Listed entries

•••••

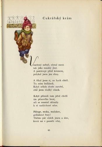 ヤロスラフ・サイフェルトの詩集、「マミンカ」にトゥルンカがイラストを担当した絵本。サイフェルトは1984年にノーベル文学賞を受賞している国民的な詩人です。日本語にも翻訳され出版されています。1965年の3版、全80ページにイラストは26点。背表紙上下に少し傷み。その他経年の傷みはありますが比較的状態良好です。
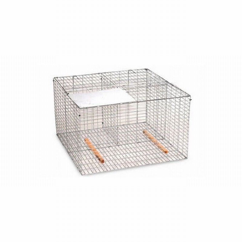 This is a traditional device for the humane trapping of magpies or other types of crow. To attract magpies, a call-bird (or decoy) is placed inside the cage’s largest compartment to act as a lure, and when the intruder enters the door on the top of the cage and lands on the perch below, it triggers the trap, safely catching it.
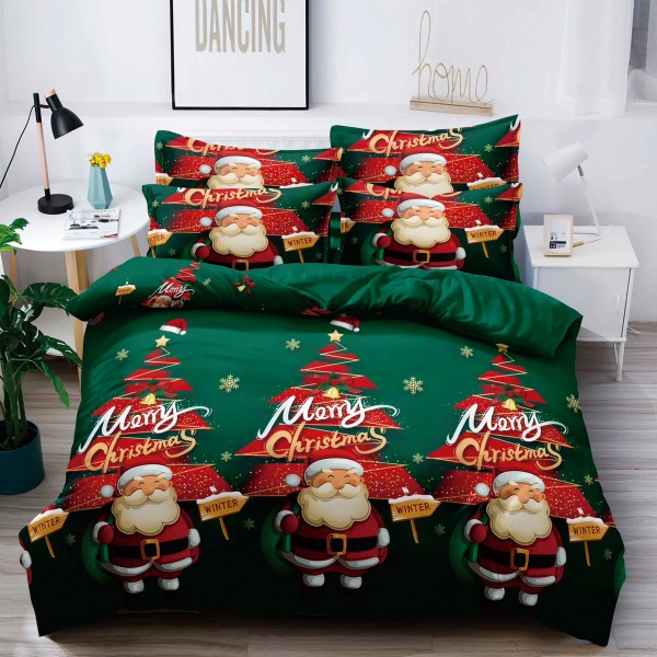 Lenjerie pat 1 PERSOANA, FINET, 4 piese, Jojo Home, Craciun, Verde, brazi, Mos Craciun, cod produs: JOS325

•••••

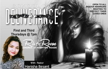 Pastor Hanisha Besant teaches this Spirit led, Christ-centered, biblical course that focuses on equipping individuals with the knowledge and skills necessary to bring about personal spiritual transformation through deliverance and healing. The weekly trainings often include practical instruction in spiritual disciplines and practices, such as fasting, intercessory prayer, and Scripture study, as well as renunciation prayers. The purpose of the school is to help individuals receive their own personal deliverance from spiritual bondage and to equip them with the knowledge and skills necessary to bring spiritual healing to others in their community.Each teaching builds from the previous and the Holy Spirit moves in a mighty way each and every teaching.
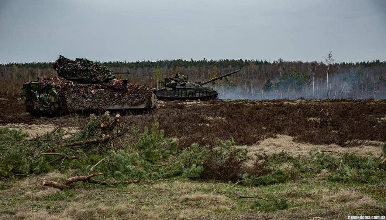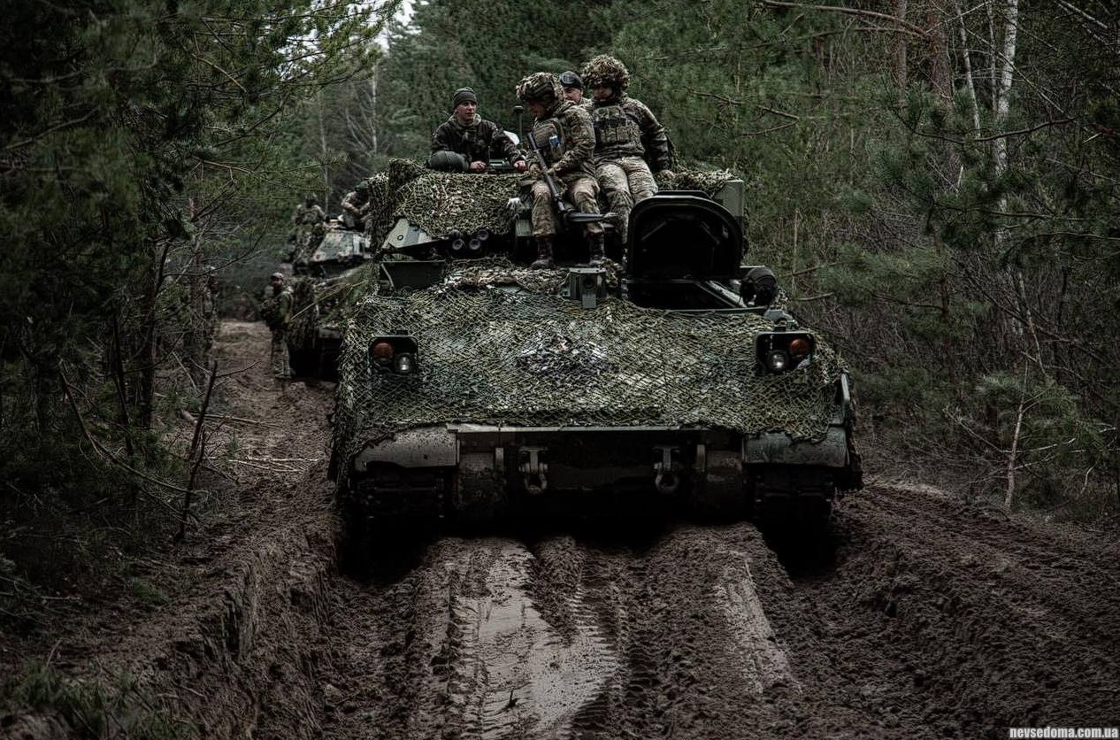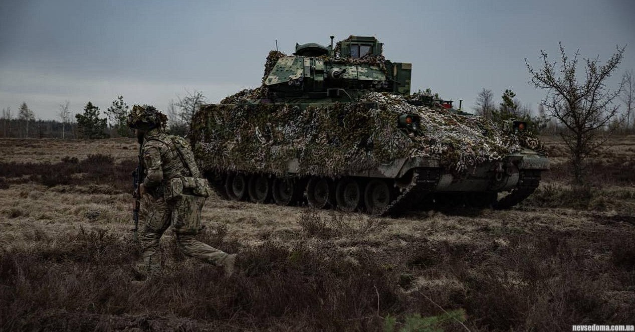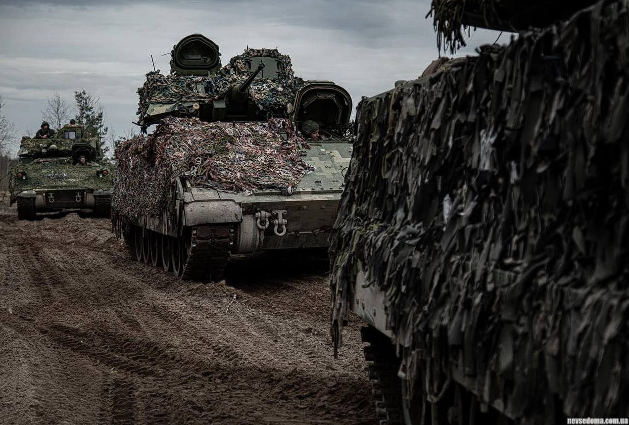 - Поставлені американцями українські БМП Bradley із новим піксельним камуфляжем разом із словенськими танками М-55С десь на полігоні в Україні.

•••••

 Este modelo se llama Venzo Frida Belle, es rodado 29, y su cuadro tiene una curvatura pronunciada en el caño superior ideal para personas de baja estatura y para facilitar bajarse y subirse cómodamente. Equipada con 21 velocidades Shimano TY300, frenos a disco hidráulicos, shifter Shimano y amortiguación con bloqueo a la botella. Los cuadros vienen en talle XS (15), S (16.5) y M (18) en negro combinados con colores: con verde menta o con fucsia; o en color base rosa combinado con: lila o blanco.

•••••

Task item
Using the listing above, reproduce word for word every line from the one containing "ヤロスラフ・サイフェルトの詩" through the one containing "Lenjerie pat 1". Pictures must be left out.

Answer to the exercise
 ヤロスラフ・サイフェルトの詩集、「マミンカ」にトゥルンカがイラストを担当した絵本。サイフェルトは1984年にノーベル文学賞を受賞している国民的な詩人です。日本語にも翻訳され出版されています。1965年の3版、全80ページにイラストは26点。背表紙上下に少し傷み。その他経年の傷みはありますが比較的状態良好です。
 This is a traditional device for the humane trapping of magpies or other types of crow. To attract magpies, a call-bird (or decoy) is placed inside the cage’s largest compartment to act as a lure, and when the intruder enters the door on the top of the cage and lands on the perch below, it triggers the trap, safely catching it.
 Lenjerie pat 1 PERSOANA, FINET, 4 piese, Jojo Home, Craciun, Verde, brazi, Mos Craciun, cod produs: JOS325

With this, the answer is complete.